Typical images of IVCT in situ, IVC diameter measurements, and IVC shapes. The radiographic characteristics of IVCT in situ represented regionally isolated filling-defect (white arrows) surrounding the support pillars of VCF and contacting IVC wall on CTV images (A, B). The clots volume on sagittal CTV (C) tended to increase 3 days later on venography (D). IVC minimum and maximum diameter were measured and magnification percentage of the minimum IVC were calculated using the following formula: (D1 − D2)/D2 × 100%, where D2 is the minimum diameter before IVC placement (E), and D1 is the minimum diameter after VCF placement (F). Oval-shaped IVC (E) and circular-shaped IVC (G) on CTV were presented. CTV, computed tomography venography; IVC, inferior vena cava; IVCT, inferior vena cava thrombosis.
Statistical analysis
Statistical analyses were performed by SPSS statistical software package (version 23.0; SPSS statistical software, Chicago, IL) and R statistical language software (version 3.6.3; The R Foundation for Statistical Computing, Vienna, Austria).
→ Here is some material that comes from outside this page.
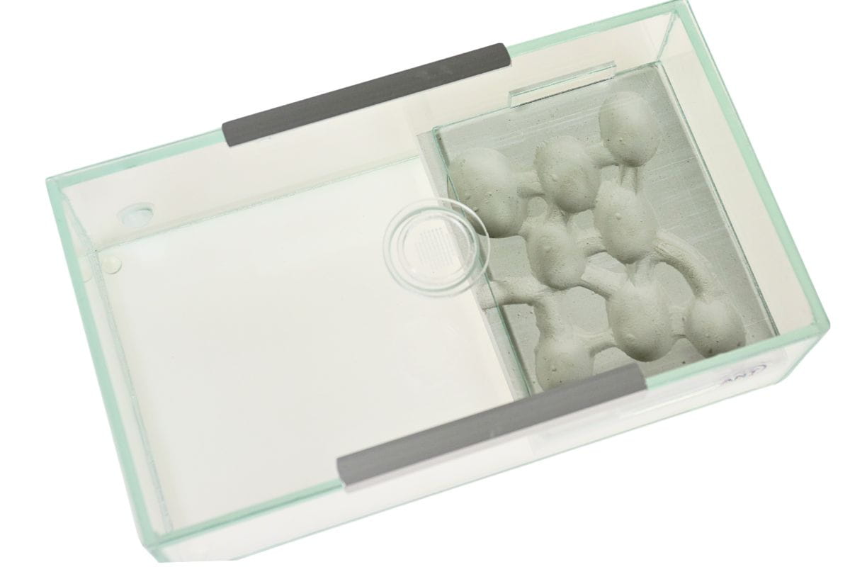Silicone bumpers are glued to the bottom of the formicarium to protect the surface from scratching.

The distribution of continuous variables was tested using the Kolmogorov-Smirnov test. Continuous data were presented as mean ± standard deviation, and categorical data were given as counts (percentage). When assessing the correlation between two groups and comparing continuous data, an independent samples t test was used. The significance of categorical data was tested with a χ2 test or Fisher's exact test. The risk factors for IVCT in situ were estimated with the logistic regression models; univariable analysis was followed by multivariable analysis. Findings with a P value of <.050 (two-tailed) were deemed statistically significant.
Results
Baseline demographics and characteristics of included patients with LEDVT
During the study period, a total of 117 patients (mean age, 58.6 ± 17.5 years; 58.1% male) were finally included. Overall, 31.6% of cases (37/117) had IVCT in situ and were allocated to the IVCT in situ group; the remaining 68.4% (80/117) were in non-IVCT in situ group. More than one-half of the included patients (73.5%) experienced limb swelling, and 77.8% (91/117) of the time from symptom onset to admission were ≤7 days. Of these patients, 93.2% (109/117) suffered from proximal LEDVT, with the distribution of thrombus focused mainly on left side limbs (41.9%). Notably, 49.6% of these patients (58/117) were found to have concurrent PEs identified by CT angiography images. The most prevalent comorbidities and risk factors among the included patients with LEDVT were hypertension (39.3%) and recent major surgery history (29.9%).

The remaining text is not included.